What I want to achieve is a more robust way of tracking how the robot is departing from the lanes. Some sort of central line marker that can be used to detect if the robot has moved away from the center. My understanding is that averaging the lines on the lanes into two lines (left and right lanes) and then working with their slopes should give some result. However, I've not been able to transform this into code.

Code:

from picamera.array import PiRGBArray
from picamera import PiCamera
import time
import cv2
import numpy as np
import serial

#The two element array is [rho theta] i.e. output of the Hough Transform

image=0
rawCapture=0
camera= PiCamera()
camera.resolution=(240,120)
camera.framerate=10
rawCapture=PiRGBArray(camera, size=(240,120))
time.sleep(0.1)
#ser=serial.Serial('/dev/ttyUSB0',9600)

for frame in camera.capture_continuous(rawCapture, format="bgr", use_video_port=True):
    image=frame.array
    img_f=cv2.flip(image,-1)
    gray= cv2.cvtColor(img_f,cv2.COLOR_BGR2GRAY)
    blur=cv2.GaussianBlur(gray,(5,5),0)
    edges= cv2.Canny(blur,50,150,apertureSize=3)
    lines= cv2.HoughLines(edges, 1, np.pi/180, 60)
    cords=[]
    if lines is not None:
        for x in range(0,len(lines)):
            for rho,theta in lines[x]:
                a=np.cos(theta)
                b=np.sin(theta)
                x0=a*rho
                y0=b*rho
                x1=int(x0+1000*(-b))
                cords.append(x1)
                y1=int(y0+1000*(a))
                cords.append(x1)
                x2=int(x0-1000*(-b))
                cords.append(x1)
                y2=int(y0-1000*(a))
                cords.append(x1)
                print rho,
                print "RRRRRRRR"
                print theta,
                print "TTTTTTTTTTTT"
                #print cords,
                #print "CCCCCCCCCCCCCCCC"
                #cv2.line(img_f,(x1,y1),(x2,y2),(0,255,0),1)
                if rho<60:
                    cv2.line(img_f,(x1,y1),(x2,y2),(0,255,0),1)
                    print lines[x]
                    if theta<1:
                        if theta>0.558:
                            print "Move Right"
                            #ser.write('R')
                        else:
                            print "Continue Straight"
                    if theta>1:
                        if theta>2.6 or rho>-120:
                            print "Move Left"
                            #ser.write('L')
                        else:
                            print "Continue Straight"
                    else:
                        print "Move Straight"

        else:
            print "No line"        

        cv2.namedWindow('frame', cv2.WINDOW_NORMAL)
        cv2.imshow('frame',edges)
        key=cv2.waitKey(1)& 0xFF
        rawCapture.truncate(0)
        if(key==ord("q")):
              break

Hey guys,

I'm using OpenCV 3 in Python 2.7. My project's aim is to build an autonomous lane departing robot that can detect the two lanes on its sides and continuously correct itself to remain within them. I want to achieve something like this project watch?v=R_5XhnmDNz4 (add to end of youtube link...can't post links).

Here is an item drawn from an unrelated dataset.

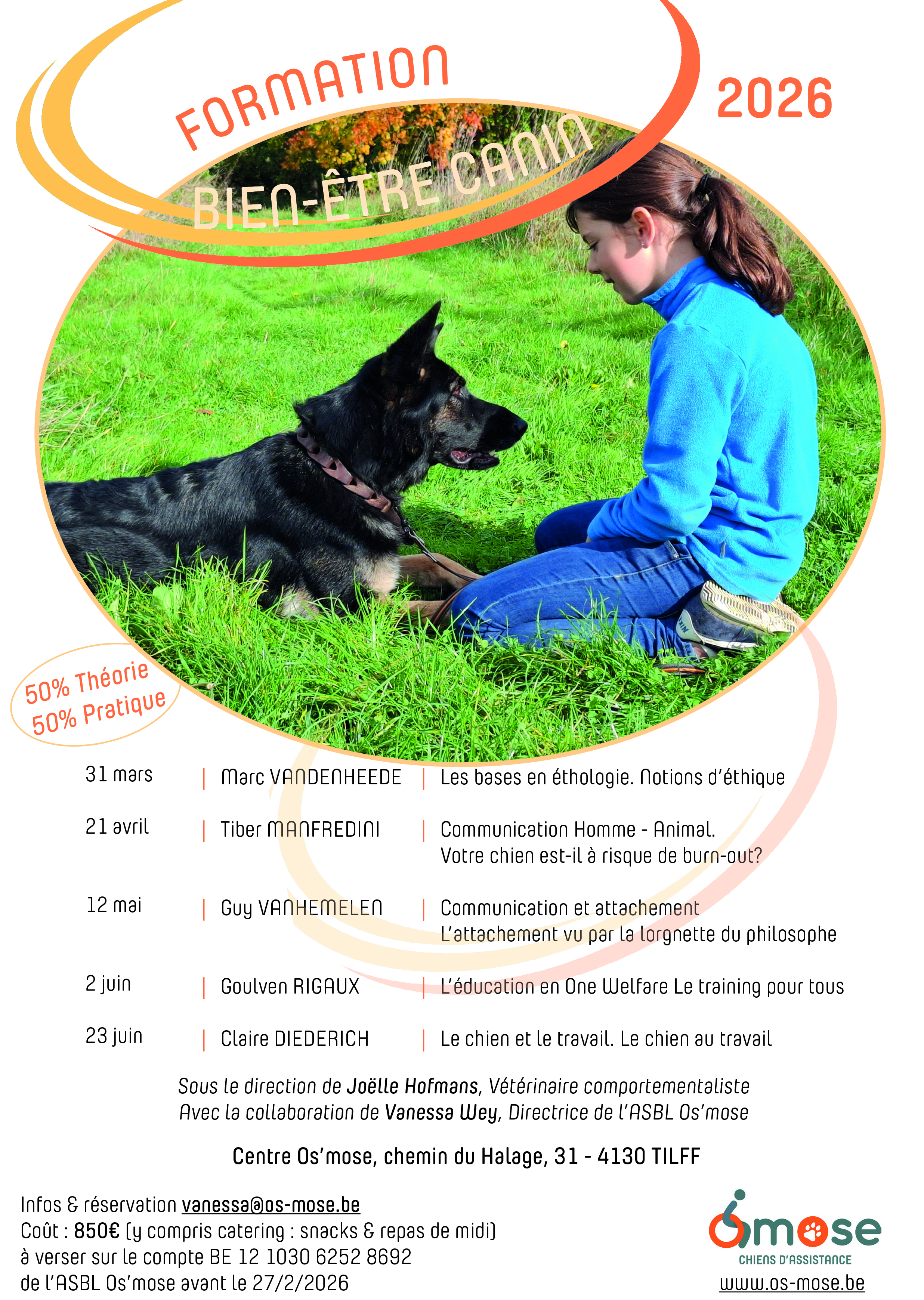 Après deux premières éditions couronnées de succès et saluées à l’unanimité, Os’mose ouvre les inscriptions pour la 3ᵉ édition de la formation One Welfare – Bien-être canin, prévue en 2026

So far I've done the line detection part from the live video feed using both HoughLines and HoughLinesP. I'm not very proficient in OpenCV and python and the part where I'm stuck at is converting the logic of detecting the lane departure of the robot. For straight roads, I thought of tracking the midpoint of the perpendicular that joins the two boundaries of the roads. I'm not able to convert this logic into code and would appreciate any help I can get in this.